ALEXANDRIA, Va. Zacarias Moussaoui pleaded guilty today to conspiring with the Sept. 11 hijackers to kill Americans, saying he was trained to fly a plane into the White House during a later attack.
I expect no leniency, Moussaoui told U.S. District Judge Leonie Brinkema, acknowledging his admission could bring him the death penalty.
Brinkema accepted the plea, making the French citizen the lone person convicted in a U.S. court in connection with the 2001 attacks that killed nearly 3,000 people.
Moussaoui, more subdued than in earlier court appearances during which he sometimes ranted at Brinkema, answered her questions politely.
How do you plead? she asked him for each of the six felony counts against him. Each time, Moussaoui answered, Guilty.
At one point, he said, I was being trained on a Boeing 747 to use this plane to strike the White House. He said the training was for a different attack that was to come later.
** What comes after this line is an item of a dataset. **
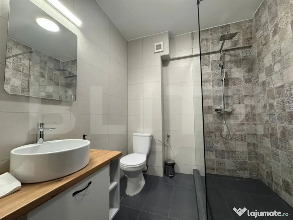Blitz vă oferă spre închiriere un apartament modern și extrem de spațios cu 1 cameră, situat la granița dintre cartierele Mănăștur și Zorilor, într-un imobil nou! O locuință premium, complet echipată, ideală pentru persoanele care apreciază confortul de top, spațiile generoase și accesul rapid la facilitățile orașului. Detalii proprietate – Suprafață utilă: 45 mp, cu o compartimentare optimizată pentru funcționalitate maximă – Regim de înălțime: Etajul 1 din 4, în cadrul unui imobil nou prevăzut cu ascensor – Spațiu exterior: Balcon propriu, excelent pentru relaxare – Parcare: 1 loc de parcare subteran privat inclus Confort & Avantaje – Confort termic premium asigurat de încălzirea în pardoseală (centrală pe gaz) și sistemul de aer condiționat. – Se închiriază complet mobilat și utilat cu absolut tot ce este necesar (plită, cuptor, frigider, mașină de spălat, TV, fier de călcat etc.). – Servicii active de internet și cablu TV (Digi). – O locuință impecabilă, gata să vă primească doar cu lucrurile personale. Localizare excelentă & Facilități Amplasarea strategică între Mănăștur și Zorilor vă oferă un echilibru perfect între liniște și accesibilitate urbană: – Cumpărături și servicii: Kaufland, Lidl, Carrefour, dar și săli de fitness, restaurante sau Cinema Dacia, toate în imediata apropiere. – Educație: Acces rapid și facil către Universitatea de Științe Agricole (USAMV). – Natură și relaxare: Parcul Iuliu Prodan se află la o scurtă plimbare distanță, oferind un cadru verde ideal pentru plimbări și deconectare. – Mobilitate: Conectivitate excelentă prin stațiile de autobuz aflate la câțiva pași, facilitând deplasarea rapidă spre centrul orașului. Disponibil imediat! Programează o vizionare și bucură-te de confortul unei locuințe noi, spațioase și complet echipate! Cod ofertă / ID BLITZ: P168754 Id intern: P168754 Confort: 1 Tip imobil: Bloc de apartamente Număr Băi: 1 Nr. locuri parcare: 1

Brinkema asked defense lawyer Alan Yamamoto, the only attorney Moussaoui has been willing to talk to in recent weeks, if he was satisfied the defendant understood what he was doing.
When I have spoken to him, we have disagreed, Yamamoto said. He is facing the possibility of death or life in prison. He has told me that he understands that.
The court is accepting today the defendant s six pleas of guilty to the six counts of the indictment, Brinkema said.
You are found guilty at this time, she told Moussaoui.
She said she had discussed his pleas at length with him earlier.
He has a better understanding of the legal system than some lawyers I have seen in court, the judge said.
Moussaoui stood quietly before her today, with two security officers behind him. He was not shackled.
He wore a green prison jumpsuit. He had a full beard.
After standing for five minutes to review the statement of facts against him, he asked to sit down. The courtroom was hushed as reviewed the document, then signed it.
Prosecutor Robert Spencer told the court he believed Moussaoui should be ordered to pay restitution to the victims of Sept. 11.
The first time the judge noted that part of penalties could include a $250,000 fine, Moussaoui replied, I wonder where I will get the money.
Before he formally entered the plea, he was asked if he understood the signing statement could be used against him to prove he was guilty. Absolutely I do understand that, he said.
A few seconds later, he added, Where do I get the pen?